D’après un rapport de l’AFFSA, en France, 5% de la population consomme une quantité trop importante de ces acides gras trans. Le rapport de 2005 recommande d’afficher sur les emballages le pourcentage d’acides gras trans, d’ici deux ans. Nous sommes en 2013 et cet étiquetage n’est toujours pas une réalité. Pourtant le reportage d’Envoyé spécial, précédemment cité, montre que certains produits dépassent les doses maximum recommandés d’acides gras trans.
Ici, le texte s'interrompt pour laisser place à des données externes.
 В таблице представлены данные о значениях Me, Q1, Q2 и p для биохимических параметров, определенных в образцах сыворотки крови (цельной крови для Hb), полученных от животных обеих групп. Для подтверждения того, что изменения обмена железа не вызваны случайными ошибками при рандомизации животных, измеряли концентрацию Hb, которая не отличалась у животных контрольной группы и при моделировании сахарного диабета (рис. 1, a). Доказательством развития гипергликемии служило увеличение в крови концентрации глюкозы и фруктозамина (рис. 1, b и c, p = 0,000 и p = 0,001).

Or les risques pour la santé sont connus depuis de nombreuses années (depuis au moins 1990, pour l’augmentation du taux de cholestérol) mais les industriels n’ont pas envie de modifier leurs recettes car: on perdrait la texture de l’aliment, il pourrait se conserver moins bien, le goût pourrait être différent, le coût serait supérieur, … Réduire sa marge ou perdre des clients seraient évidemment une mauvaise affaire pour l’industrie agro-alimentaire, ce qui n’est pas du tout compatible avec notre système actuel cherchant à toujours maximiser les profits.
Par exemple Mc Donald’s n’a changé les graisses utilisées qu’à partir du moment où des menaces de procès ont commencé à arriver aux États-Unis d’Amérique.
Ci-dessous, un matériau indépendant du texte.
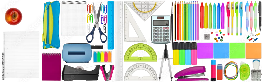 Fototapeta big set collection of colorful school office supplies stationery isolated white background study education business concept - do szkoły - Picturewall.pl
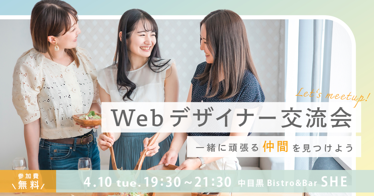 ・タイトルである「Webデザイナー交流会」を大きく、色い帯を引いて情報を目立たせることを意識しました。

De plus les graisses trans sont souvent remplacées par des huiles de palme dont on a vu que la production pose un certain nombre de problèmes. Au niveau sanitaire, il n’est pas acquis que ces huiles soient plus saines puisqu’un rapport de l’organisation mondiale de la santé (OMS) (p. 92) pointe le risque accru de maladies cardio-vasculaires associé à leur consommation. Une publication de 2006 pointe le fait que les effets sur le cholestérol sont identiques dans le cas des graisses trans ou des huiles de palme.
Ainsi les industriels se donnent bonne conscience, et évitent surtout une mauvaise image, en renonçant aux graisses hydrogénées, mais ne règlent en fait aucun problème en ayant recours à l’huile de palme. Peu importe, les profits sont préservés.
Salé
En France la consommation de sel est de 9 à 10g. par jour et par personne1 là où l’OMS recommande de ne pas dépasser 5g. par jour. Les objectifs même de l’AFSSA ne sont pas remplis puisqu’elle tablait sur une consommation de 6 à 8g. par jour. La raison de cet échec est l’absence totale de réglementation contraignante vis à vis de l’apport de sel dans la préparation des aliments industriels. Si les teneurs en sel des aliments ont effectivement baissé, c’est dans une proportion qui est loin d’être satisfaisante.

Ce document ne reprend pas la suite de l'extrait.